Search code examples
pythonmultithreadinggoogle-cloud-vision

Multi-threading python calls to Google Cloud Vision API


I am running a server in a Docker container supported by a macOS machine, from which I need to send several images for processing by the Google Cloud Vision API.

It is imperative for me to be able to minimize the time spent uploading and processing the images.

I started by wrapping calls to GCV in a Queue.Queue and Threading.Thread, but this sporadically crashes my code (not trapped by a python Exception) thus:

E1121 14:15:10.902211037   25448 sync_posix.c:38]            assertion failed: pthread_mutex_destroy(mu) == 0

According to several github threads this is a gRPC-inspired (or httplib?) bug/feature, but I can't find steps to an easy workaround - see e.g. https://github.com/grpc/grpc/issues/11184 and https://github.com/grpc/grpc/issues/10909

Given that this seems to be a commonly-experienced problem with no clear solution, what is the best way to mitigate it?

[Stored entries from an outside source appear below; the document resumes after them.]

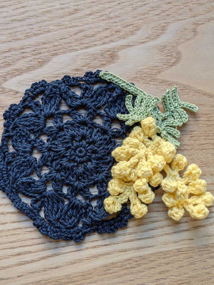 新品 ハンドメイド レース編み かぎ針編み ドイリー コースター かわいいミモザの花 ネイビー の落札情報詳細 ヤフオク落札価格情報 オークフリー スマートフォン版
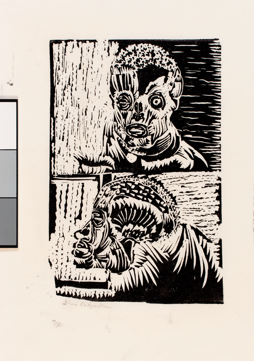 Linocut by Daniel (Dan) Sefudi Rakgoathe untitled (Portrait profile as a prophet), 1967/1968. Edition: unnumbered. Signed: 'Dan Rakgoathe' in the artist's youthful handwriting. Condition: Fair. Ink marks on edges and a tear in the left centre.
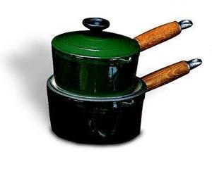 SPECS: Dia. 7 1/8" x H 5 1/2" 2 Qts. Blue - Description: This product has a wooden handle that stays cool even under the highest temperatures. It comes with a lid with an easy grip knob and has a small spout on the lip for easy pouring or straining. Available in four colors: blue, green, red, & yellow.
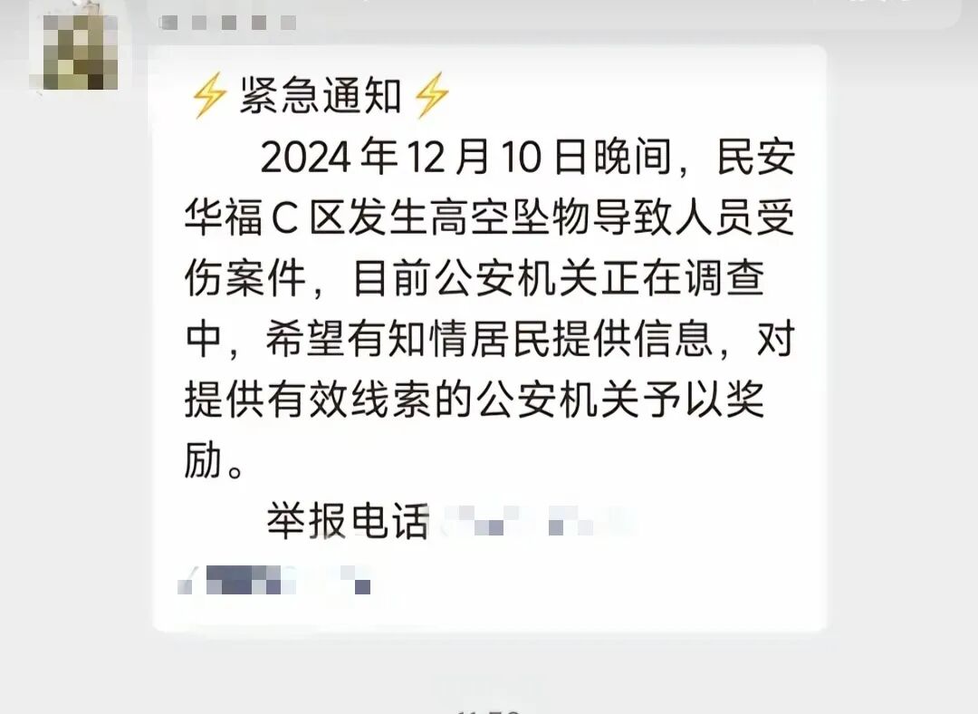 网传紧急通知显示,“2024年12月10日晚间,民安华福C区发生高空坠物导致人员受伤案件,目前公安机关正在调查中,希望有知情居民提供信息,对提供有效线索的,公安机关予以奖励。”
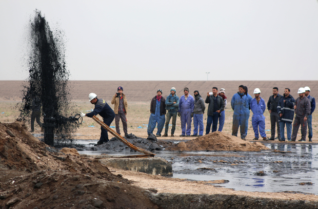 Photo : des ouvriers de la South Oil Company regardent un oléoduc expulser du pétrole lors de l’ouverture par la compagnie de deux puits sur le gisement de Tuba, à l’ouest de Basra, la deuxième plus grande ville d’Irak, le 19 février 2015 (AFP).
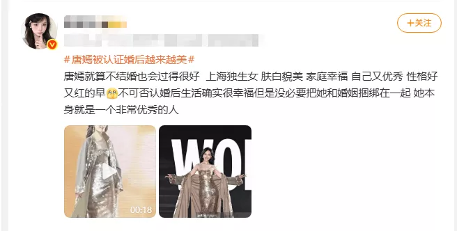 这段视频一经发布就引发了网友热议,有网友觉得唐嫣和罗晋确实婚姻甜蜜,但也有很多人觉得,女艺人的成功不应该和婚姻、丈夫等捆绑在一起,唐嫣状态好是因为唐嫣自己本身就是个足够优秀的人。

Is it as simple as using a single Batch call (but what about the overall speed?) to GCV? Is there no other way to safely thread the calls?

Update:

With fear of breakage, I embarked on a rollback of gRPC to v1.2.x a la

https://github.com/grpc/grpc/issues/10909#issuecomment-302581954

Except that I had to add /usr/local/lib to LD_LIBRARY_PATH in my Docker container in order to pick up libprotobuf.so.12.

I made no changes to any other python packages.

I then did:

pip install grpcio==1.2.1

Obviously this gets expensive, but the crash rate is <1/20 calls (and counting) compared to 1/3 calls before.

Now: How can I test conclusively that this is fixed?


Solution

  • Here is the relevant part of the Dockerfile I've gone with (based on https://github.com/grpc/grpc/issues/10909#issuecomment-302581954)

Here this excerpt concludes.